High Availability Architecture
The standard approach to ClickHouse high availability combines replication, backup, and astute service placement to maximize protection against failure of single components and accidental deletion of data.
Best Practices for ClickHouse HA
Highly available ClickHouse clusters observe a number of standard practices to ensure the best possible resilience.
Keep at least 3 replicas for each shard
ClickHouse tables should always be replicated to ensure high availability. This means that you should use ReplicatedMergeTree or a similar engine for any table that contains data you want to persist. Cluster definitions for these tables should include at least three hosts per shard.
Having 3 replicas for each ClickHouse shard allows shards to continue processing queries after a replica failure while still maintaining capacity for recovery. When a new replica is attached to the shard it will need to fetch data from the remaining replicas, which adds load.
Use 3 replicas for Zookeeper
Zookeeper ensembles must have an odd number of replicas, and production deployments should always have at least three to avoid losing quorum if a Zookeeper server fails. Losing quorum can cause ClickHouse replicate tables to go into readonly mode, hence should be avoided at all costs. 3 is the most common number of replicas used.

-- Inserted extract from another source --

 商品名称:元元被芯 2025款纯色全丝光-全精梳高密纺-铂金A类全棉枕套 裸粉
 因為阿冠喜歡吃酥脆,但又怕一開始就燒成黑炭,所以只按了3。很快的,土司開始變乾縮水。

It is possible to use 5 replicas but any additional availability benefit is typically canceled by higher latency to reach consensus on operations (3 vs. 2 servers). We do not recommend this unless there are extenuating circumstances specific to a particular site and the way it manages or uses Zookeeper.

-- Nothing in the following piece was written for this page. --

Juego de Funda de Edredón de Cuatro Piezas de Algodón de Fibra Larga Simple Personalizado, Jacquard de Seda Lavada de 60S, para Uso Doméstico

Disperse replicas over availability zones connected by low-latency networks
ClickHouse replicas used for writes and Zookeeper nodes should run in separate availability zones. These are operating environments with separate power, Internet access, physical premises, and infrastructure services like storage arrays. (Most pubic clouds offer them as a feature.) Availability zones should be connected by highly reliable networking offering consistent round-trip latency of 20 milliseconds or less between all nodes. Higher values are likely to delay writes.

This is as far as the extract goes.